CentOS Linux 7.4.1708, based on the sources of Red Hat Enterprise Linux 7.4, has been released last Wednesday. Red Hat rebased more software than it used to, especially desktop software, so it took longer for the corresponding CentOS release to be finished. Many thanks to the CentOS Core Team for their extensive work!

If you plan to use CentOS Linux on public servers (for production purposes), you should be aware that there are no security updates between a RHEL point release and the corresponding CentOS Linux point release - usually a few weeks. You can get the updates a bit earlier if you enable the CR repository, but even in this case, since determining the proper build order and required dependencies takes a while, you’ll still have 2-3 weeks without any security updates whatsoever. If that’s unacceptable, please consider paying for RHEL or using a different enterprise distro on your servers, like Debian or Ubuntu LTS.
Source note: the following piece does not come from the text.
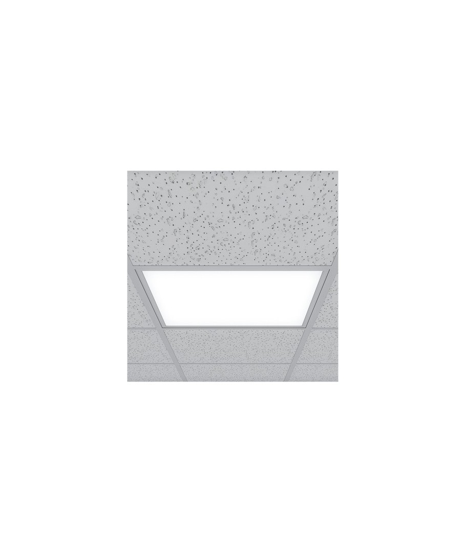 Panelet må kobles til en 230V strømforsyning, og takket være de slanke dimensjonene på 595 x 13 x 595 mm, passer det sømløst inn i vanlige takraster. Dette gir både estetikk og funksjonalitet i ett kompakt design.

Outside point releases, all enterprise Linux distros are usually very quick to provide security updates, and normally coordinate the release of fixed packages with security researchers. Unfortunately, it doesn’t seem the case for all packages: today I noticed that Chromium, the open-source browser that Google Chrome is based on, is still at version 60 in Debian and Fedora, although version 61, which fixes a number of security issues, was released almost two weeks ago.

Let’s take a look at the release date of the upstream sources for Chromium and the coresponding binary packages in Debian and Fedora repositories:

Version Upstream Fedora Debian
60.0.3112 2017-07-25 2017-08-09 2017-08-02
59.0.3071 2017-06-05 2017-06-13 2017-06-18
58.0.3029 2017-04-19 2017-05-16 2017-05-08
57.0.2987 2017-03-09 2017-03-30 2017-03-16
56.0.2924 2017-01-25 2017-02-24 2017-01-31
55.0.2883 2016-12-01 2016-12-13 2016-12-11
54.0.2840 2016-10-12 2016-11-04 2016-11-26
53.0.2785 2016-08-31 2016-09-09 2016-09-05
52.0.2743 2016-07-20 2016-08-08 2016-07-31

Chromium isn’t part of the official CentOS repositories, but Fedora makes it available in EPEL, so the updated packages are released either together with the Fedora packages, or with several days of additional delays. In any case, there seem to be 18±8 days of delay for the updates to arrive in Fedora or CentOS Linux, or 13±12 days for Debian.

For Firefox ESR, the security updates are usually available within 1-2 days after the upstream fixes (the 45.5.x packages were delayed on CentOS due to the 7.3.1711 point release, it’s not a mistake in the data):

Version Upstream CentOS Debian
45.5.0 2016-11-15 2016-12-15 2016-11-16
45.5.1 2016-11-30 2016-12-15 2016-12-01
45.6.0 2016-12-13 2016-12-16 2016-12-14
45.7.0 2017-01-24 2017-01-26 2017-01-25
52.0.0 2017-03-07 2017-03-08 2017-03-09
52.1.0 2017-04-19 2017-04-20 2017-05-05
52.2.0 2017-06-13 2017-06-15 2017-06-14

If browser security matters, run Firefox or Google Chrome, not Chromium – preferably on Debian or RHEL.